Erratum: EBV-induced human CD8⁺ NKT cells synergize CD4⁺ NKT cells suppressing EBV-associated tumors upon induction of Th1 bias

Correction to: Cellular & Molecular Immunology (2009) 6, 367–379; doi:10.1038/cmi.2009.48

The authors inadvertently published histograms in the fourth panel to the right in both rows of Figure 4c that were actually the data of CD8⁺ NKT cells from EBV-exposed CD8⁺ NKT cell-transferred, or EBV-exposed CD4⁺ and CD8⁺ NKT-transferred hu-thym-SCID chimeras. The corrected figure included here contains the histograms that correctly represent the data of T cells from EBV-exposed CD4⁺ and CD8⁺ NKT-transferred hu-thym-SCID chimeras. Since the fourth panels to the right in both rows of Figure 4c show the cellular proliferation using the CFSE labeling technique, the histogram substitutions do not alter the conclusions that were drawn from the original data.
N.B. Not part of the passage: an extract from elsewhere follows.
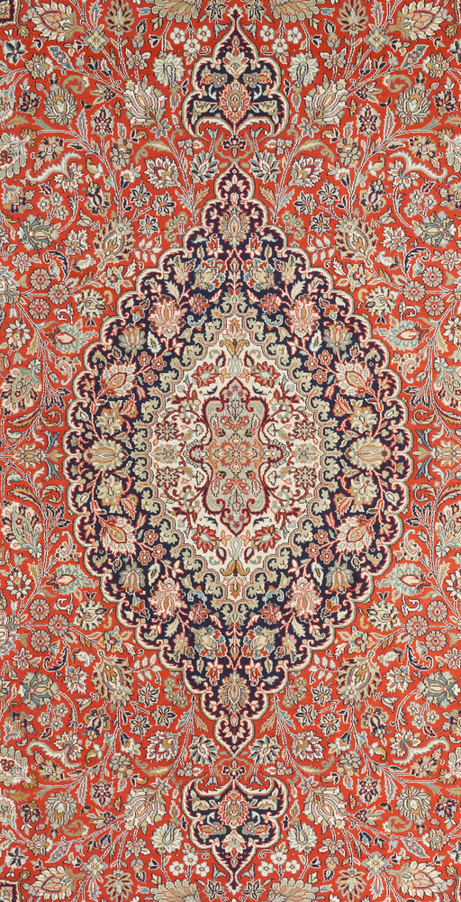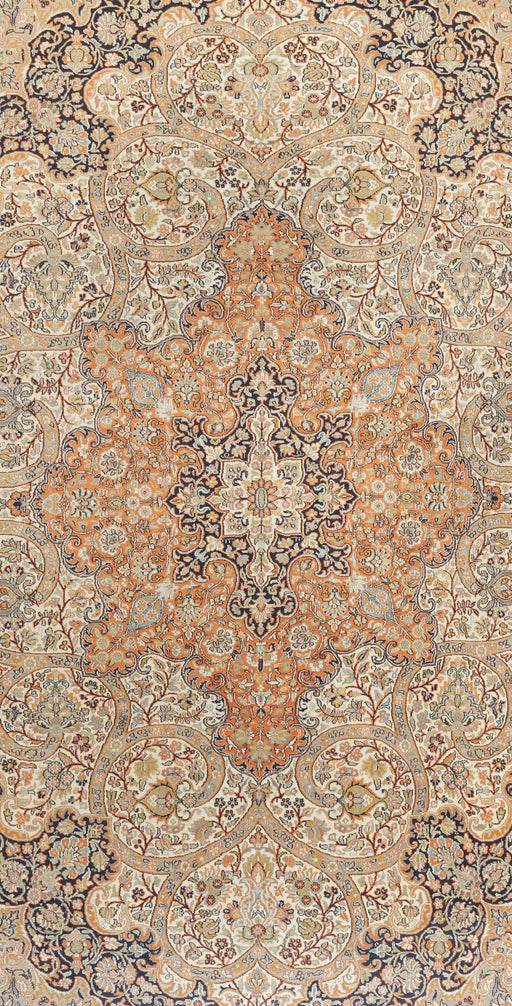 Colour: Ivory and Rust. Material: Pure fine silk on a cotton base. Dimensions: 9'04" x 12'0" Construction: Hand Knotted. Made in Kashmir, India.

The authors would like to apologize for their mistake.

Figure 4

Proliferation and cytokine expression by CD4⁺ and CD8⁺ NKT cells, and T cells from EBV-sensitized chimeras in vivo in response to EBV re-challenge. The SCID mice were adoptively transferred i.v. with the different combinations of the immune cells purified from EBV-exposed hu-thym-SCID chimeras (CD4⁺, CD8⁺ NKT cells, CD4⁺CD8⁺ NKT cells transferred) as described in Methods. On day 3 post-reconstitution, EBV-sensitized chimeras were re-challenged i.v. with EBV (10⁷ pfu) and maintained for further 4 days, or left unchallenged (Nil). (a) Proliferation of chimeric CD4⁺ and CD8⁺ NKT cells. In this experiment, the purified thymic CD4⁺ or CD8⁺ NKT cells from EBV-exposed chimeras were labeled with CFSE prior to the transfer into the SCID mice. After EBV re-challenge, EBV-sensitized chimeras were euthanized. The PBMC were stained with appropriate tetramer/Abs, and analyzed by flow cytometry. ND, no determination. Data were representative (n=6). (b) IFN-γ and IL-4 expression by CD4⁺ and CD8⁺ NKT cells. As described above, EBV-sensitized chimeras were euthanized after EBV re-challenge. The indicated cytokines in NKT cells were examined by tetra-color (cytokine Ab, CD4 Ab, CD8 Ab, CD1d tetramer) intracellular flow cytometry. The experimental and analysis schemes were illustrated in the leftmost panel of Figure 3 (without tumor-implantation). ND, no determination. Data were mean±s.d. (n=5). *P<0.001. (c) Proliferation of EBV-specific CD3⁺CD56⁻CD161⁻ T cells. The EBV-sensitized chimeras were established as described above. The purified spleen CD3⁺CD56⁻CD161⁻ T cells were labeled with CFSE prior to transfer into the SCID mice. The EBV-sensitized chimeras were euthanized after EBV re-challenges, and PBMC were stained with appropriate tetramer/Abs, then analyzed by flow cytometry for cell proliferation. Data were mean±s.d. (n=5). *P<0.001. (d) IFN-γ and IL-4 expression by CD3⁺ T cells. Analysis was performed as described above. The indicated cytokines in CD3⁺ T cells were examined by intracellular flow cytometry. Data were mean±s.d. (n=5). *P<0.001.